* _Records from a data collection_:
=====
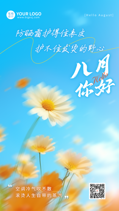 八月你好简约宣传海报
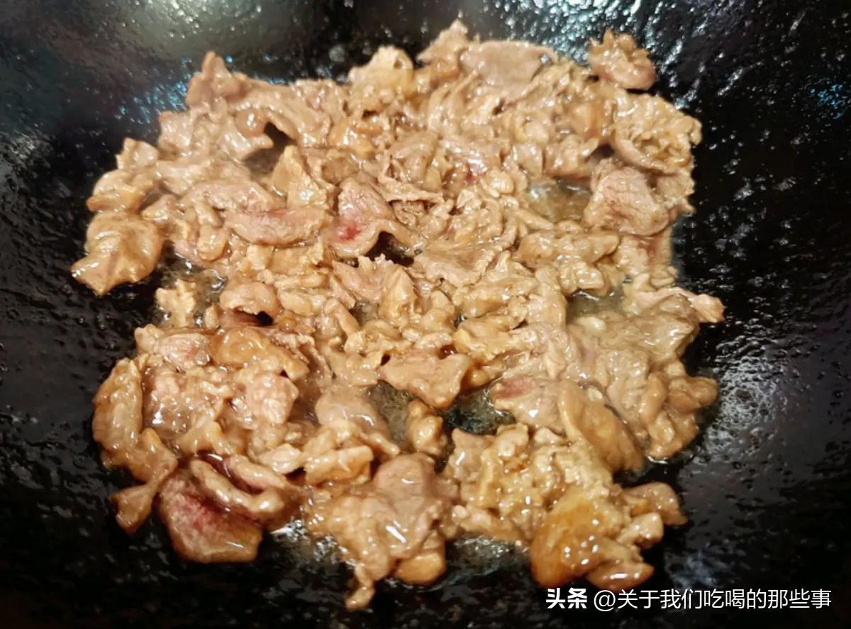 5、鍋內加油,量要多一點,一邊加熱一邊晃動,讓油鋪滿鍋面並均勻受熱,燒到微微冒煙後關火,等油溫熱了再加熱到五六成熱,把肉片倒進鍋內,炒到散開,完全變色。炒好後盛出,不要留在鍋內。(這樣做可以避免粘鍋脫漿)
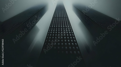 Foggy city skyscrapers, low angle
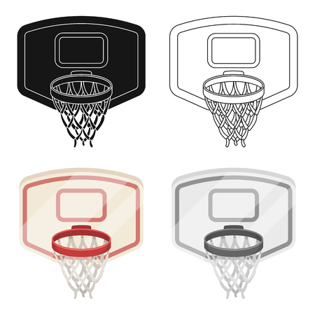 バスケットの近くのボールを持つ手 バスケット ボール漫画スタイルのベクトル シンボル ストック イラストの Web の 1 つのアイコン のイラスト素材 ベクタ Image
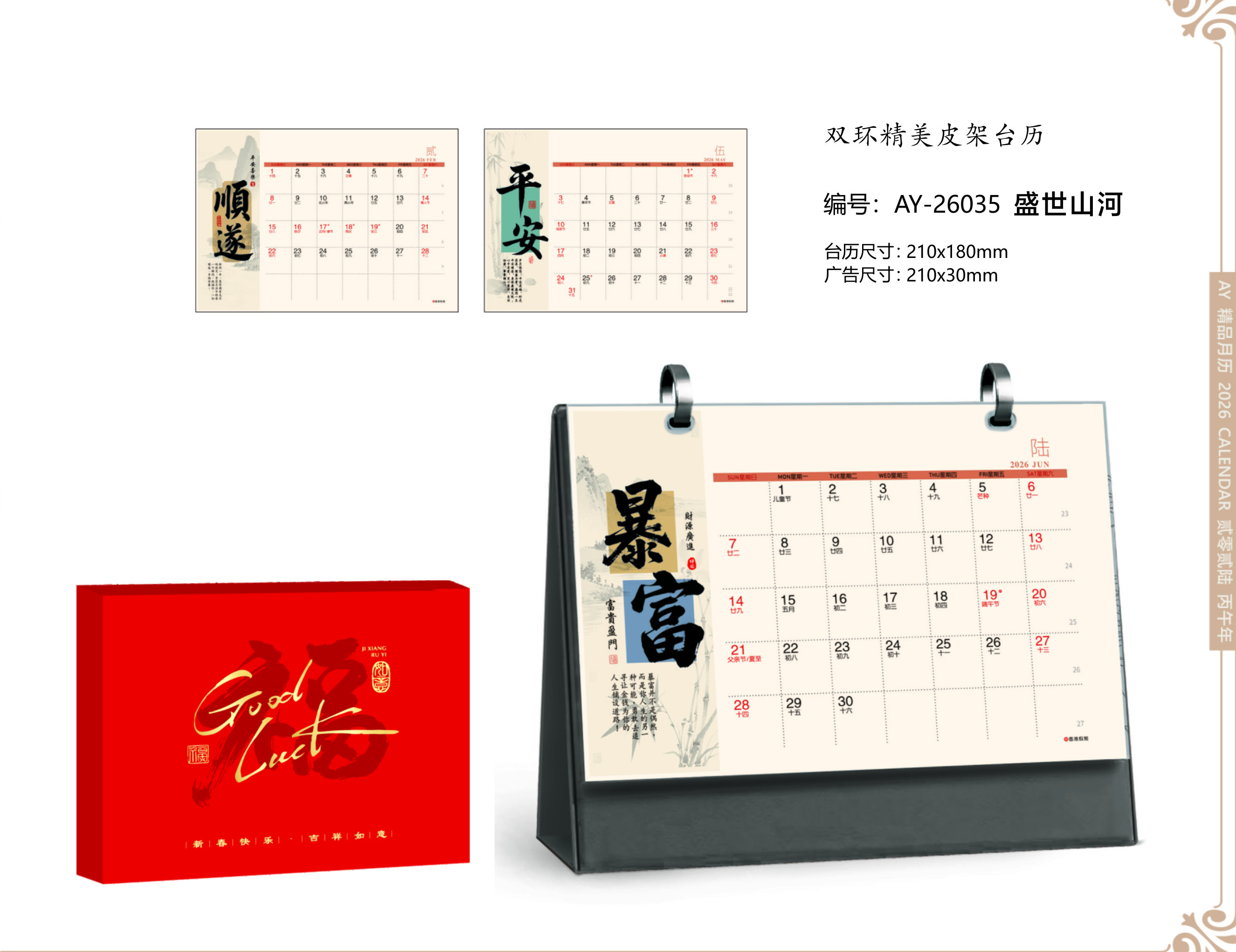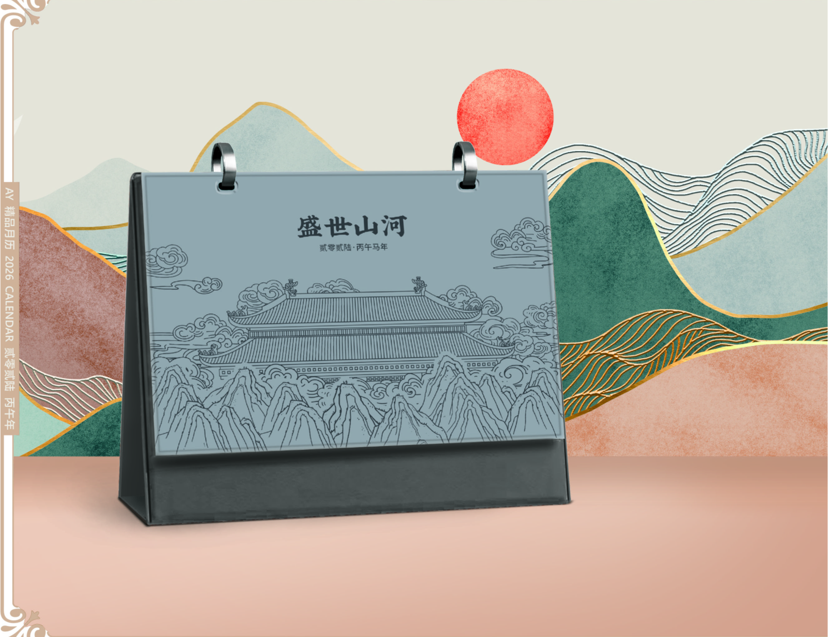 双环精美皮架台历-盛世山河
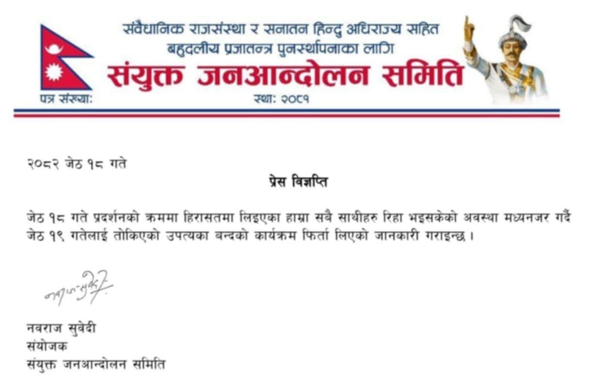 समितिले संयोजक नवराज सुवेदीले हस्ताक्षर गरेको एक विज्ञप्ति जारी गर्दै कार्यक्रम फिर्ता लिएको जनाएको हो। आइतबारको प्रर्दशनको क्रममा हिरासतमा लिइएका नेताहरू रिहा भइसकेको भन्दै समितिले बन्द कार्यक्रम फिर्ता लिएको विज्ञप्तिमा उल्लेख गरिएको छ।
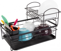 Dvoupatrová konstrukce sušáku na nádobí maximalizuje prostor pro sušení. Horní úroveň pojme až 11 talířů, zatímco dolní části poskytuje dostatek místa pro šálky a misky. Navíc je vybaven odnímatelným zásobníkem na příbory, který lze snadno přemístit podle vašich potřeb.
=====
* _WORK REQUIRED_: Set the pictures aside and transcribe exactly the stretch of lines above, beginning with the one holding "バスケットの近くのボールを持つ手 バスケット ボール漫画スタイルのベクトル" and ending with the one holding "双环精美皮架台历-盛世山河".

* _EXERCISE RESULT_:
 バスケットの近くのボールを持つ手 バスケット ボール漫画スタイルのベクトル シンボル ストック イラストの Web の 1 つのアイコン のイラスト素材 ベクタ Image
 双环精美皮架台历-盛世山河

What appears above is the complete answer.